Assignment: For this exercise, copy all the data exactly and include none of the pictures.

____

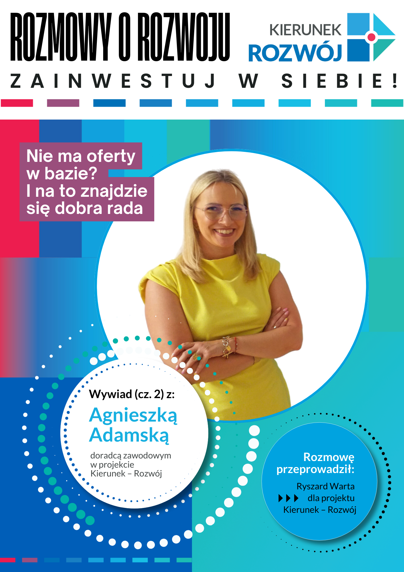 To seria inspirujących rozmów prowadzonych przez dziennikarza Ryszarda Wartę dla projektu Kierunek – Rozwój, który pyta swoich gości – ekspertów, doradców zawodowych i uczestników projektu – o to, co naprawdę liczy się w rozwoju zawodowym. W rozmowach pojawiają się wątki dotyczące:
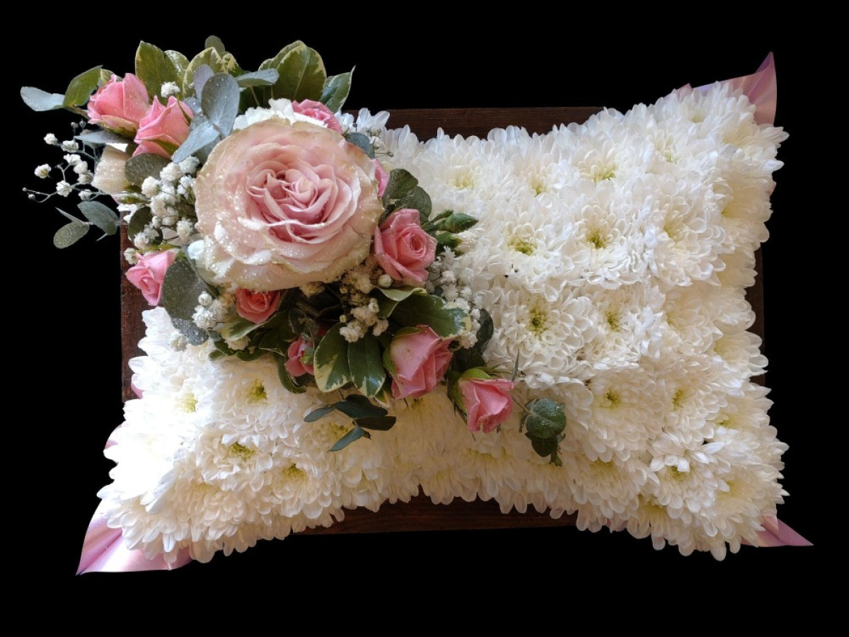 Pillows are a perfect option for "laying someone to rest". Traditionally made with white chrysanthemum base, a ribbon or foliage edge with a spray of your choice. The size of the design refers to the longest edge.
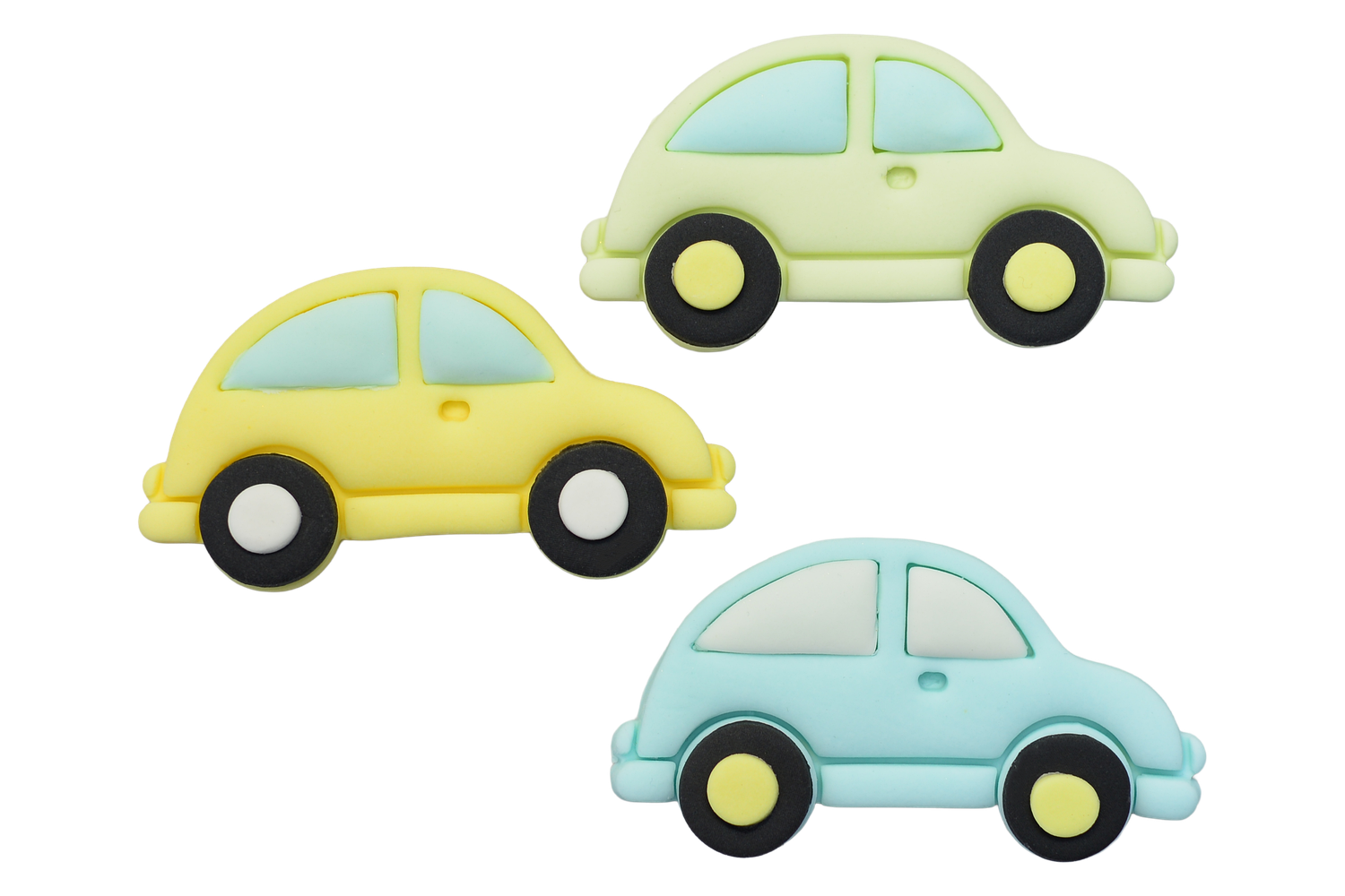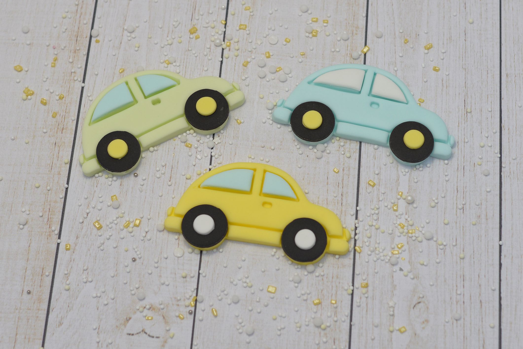 👉Autka są płaskie, ale z łatwością zamocujesz je na wierzchołku tortu. W każdym autku, w kołach przygotowaliśmy otwór do którego możesz włożyć wykałaczkę i wbić w tort. Figurki możesz też oprzeć o front tortu.
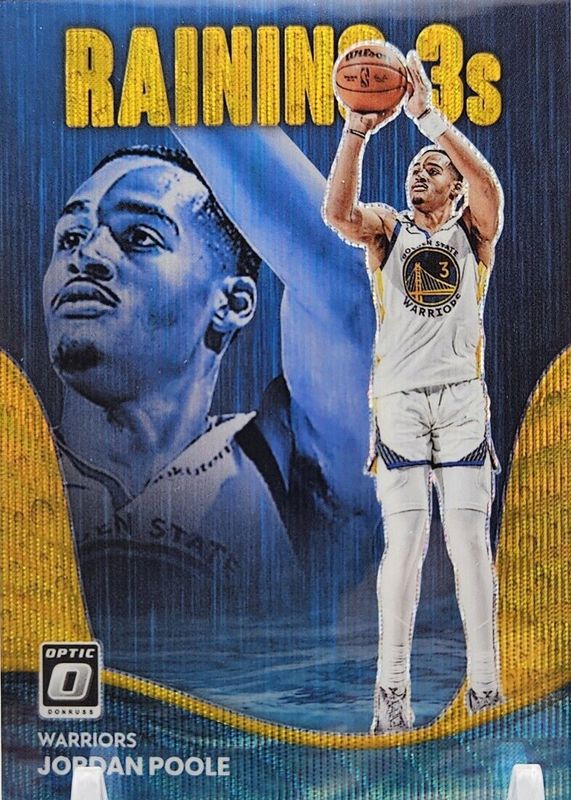 This card is 1 of 4 Jordan Poole's card variations in the 2022 Optic set being tracked by Sports Card Investor, including Raining 3s - Gold /10, Raining 3s - Green /5, and Raining 3s - Gold Vinyl /1.
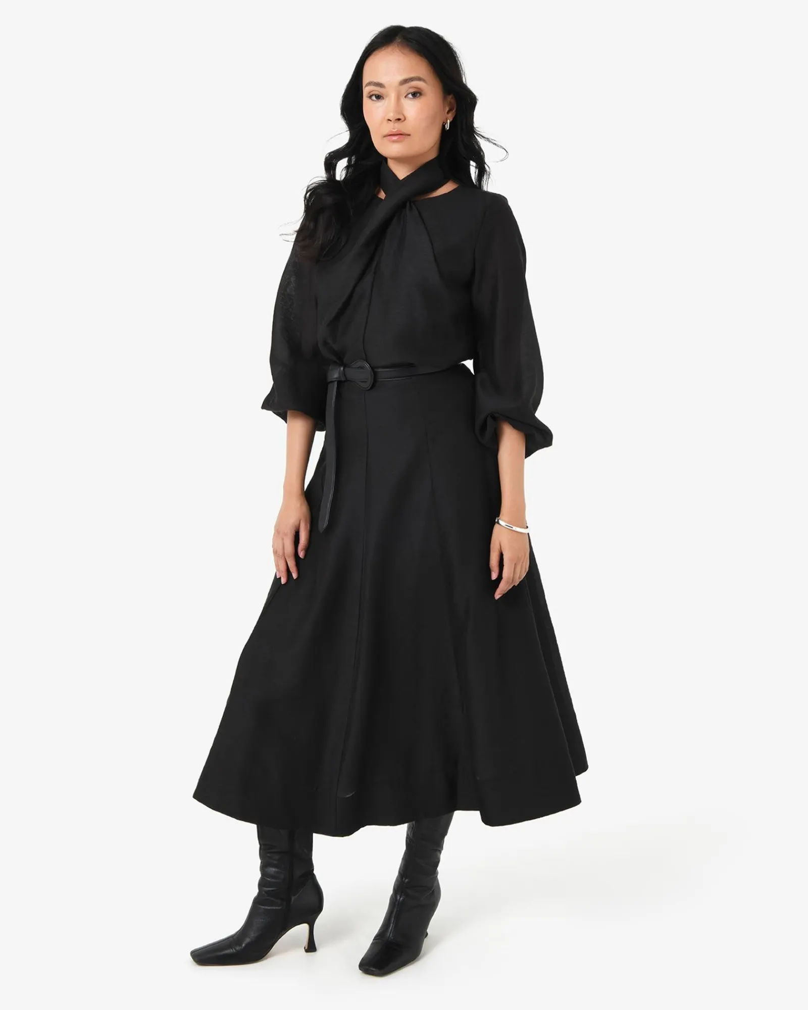 Introducing the Bellini Panel Maxi Skirt. With its flattering high waistband and flowing panel design, this skirt hugs your curves before gracefully flaring out to a full-length hem. Pair with the Bellini Blouse for a graceful ensemble.
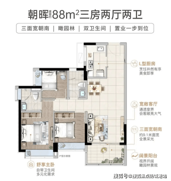 户型采用全南向布局,客厅和三个卧室均朝南,能够最大限度地享受阳光照射,让房间内保持明亮通透,而且采光充足也能有效减少房间内的潮湿,提升居住舒适度。另外,户型的卫生间采用干湿分离设计,洗漱、如厕、淋浴互不干扰,既保证了卫生间的整洁卫生,又提升了使用效率,早上家人一起上班、上学的时候,也不会出现排队使用卫生间的尴尬。

____

Solution to this exercise:
 To seria inspirujących rozmów prowadzonych przez dziennikarza Ryszarda Wartę dla projektu Kierunek – Rozwój, który pyta swoich gości – ekspertów, doradców zawodowych i uczestników projektu – o to, co naprawdę liczy się w rozwoju zawodowym. W rozmowach pojawiają się wątki dotyczące:
 Pillows are a perfect option for "laying someone to rest". Traditionally made with white chrysanthemum base, a ribbon or foliage edge with a spray of your choice. The size of the design refers to the longest edge.
 👉Autka są płaskie, ale z łatwością zamocujesz je na wierzchołku tortu. W każdym autku, w kołach przygotowaliśmy otwór do którego możesz włożyć wykałaczkę i wbić w tort. Figurki możesz też oprzeć o front tortu.
 This card is 1 of 4 Jordan Poole's card variations in the 2022 Optic set being tracked by Sports Card Investor, including Raining 3s - Gold /10, Raining 3s - Green /5, and Raining 3s - Gold Vinyl /1.
 Introducing the Bellini Panel Maxi Skirt. With its flattering high waistband and flowing panel design, this skirt hugs your curves before gracefully flaring out to a full-length hem. Pair with the Bellini Blouse for a graceful ensemble.
 户型采用全南向布局,客厅和三个卧室均朝南,能够最大限度地享受阳光照射,让房间内保持明亮通透,而且采光充足也能有效减少房间内的潮湿,提升居住舒适度。另外,户型的卫生间采用干湿分离设计,洗漱、如厕、淋浴互不干扰,既保证了卫生间的整洁卫生,又提升了使用效率,早上家人一起上班、上学的时候,也不会出现排队使用卫生间的尴尬。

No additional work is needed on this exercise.